GIVEN DATA:
[Start of section]

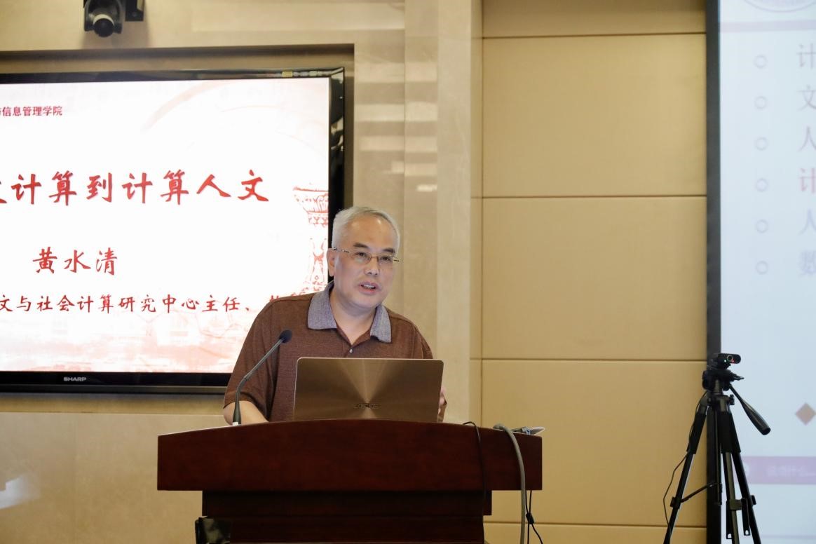 黄水清教授作了“从人文计算到计算人文”的学术报告。黄教授首先从名词的角度,对人文计算进行了分析,进而总结了四个要点,分别是“人文计算、数字人文与计算人文没有本质区别”,“人文计算、数字人文、计算人文不是进化关系”,“计算人文更能体现时代需求”,“不同名称的价值”。指出计算人文本质上是人文科学,计算人文须回答人文科学的问题,计算人文助力人文学科发展。
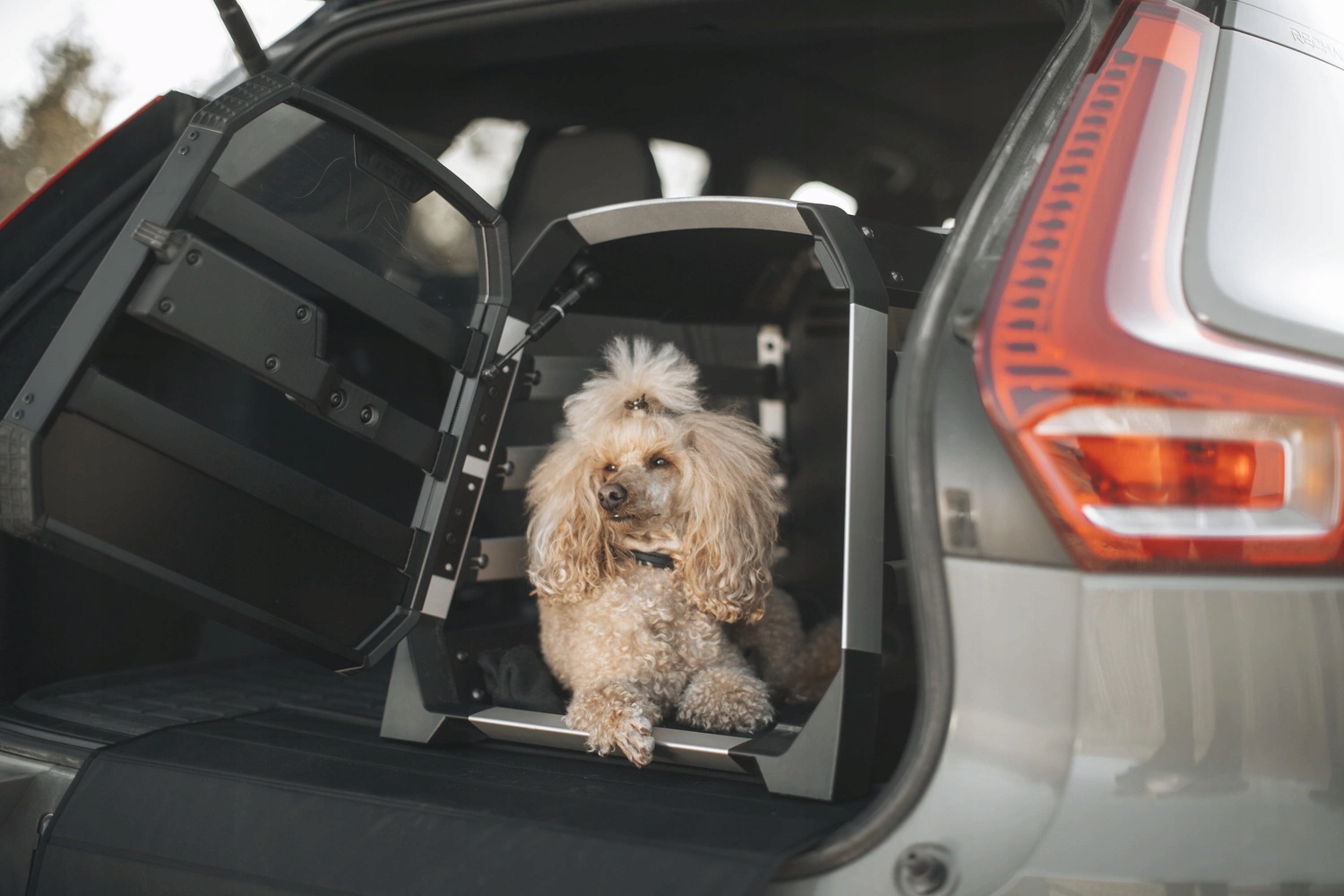 Клетка для перевозки собак доступна в десяти различных размерах. Все модели имеют закругленные края, что обеспечивает идеальную посадку как в автомобиле, так и в собаке. Более того, независимо от размера клетки, ее глубину можно отрегулировать так, чтобы она идеально вписывалась в багажник, а натяжные ремни обеспечивают безопасность во время езды. Хорошо спроектированная и качественно изготовленная клетка не создает шума и не отвлекает во время путешествия.
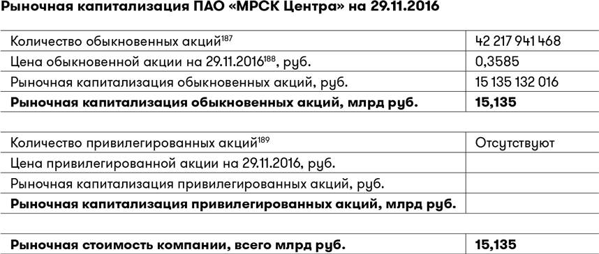 Даже не вникая во все детали финансовой отчетности, можно сказать, что компания работает успешно и справляется со своими обязательствами и текущими расходами. И у нее еще остаются деньги в виде чистой прибыли. ПАО «МРСК Центра», будучи компанией с финансово благополучным положением, может представлять интерес для инвесторов. Выясним, насколько привлекательна цена ее акций. Для этого надо узнать рыночную стоимость компании.

[End of section]

WORK TO BE COMPLETED: Pictures must be left out. Repeat exactly the lines from the one containing "Клетка для перевозки" through the final line of the data.

SOLUTION TO THE PROBLEM:
 Клетка для перевозки собак доступна в десяти различных размерах. Все модели имеют закругленные края, что обеспечивает идеальную посадку как в автомобиле, так и в собаке. Более того, независимо от размера клетки, ее глубину можно отрегулировать так, чтобы она идеально вписывалась в багажник, а натяжные ремни обеспечивают безопасность во время езды. Хорошо спроектированная и качественно изготовленная клетка не создает шума и не отвлекает во время путешествия.
 Даже не вникая во все детали финансовой отчетности, можно сказать, что компания работает успешно и справляется со своими обязательствами и текущими расходами. И у нее еще остаются деньги в виде чистой прибыли. ПАО «МРСК Центра», будучи компанией с финансово благополучным положением, может представлять интерес для инвесторов. Выясним, насколько привлекательна цена ее акций. Для этого надо узнать рыночную стоимость компании.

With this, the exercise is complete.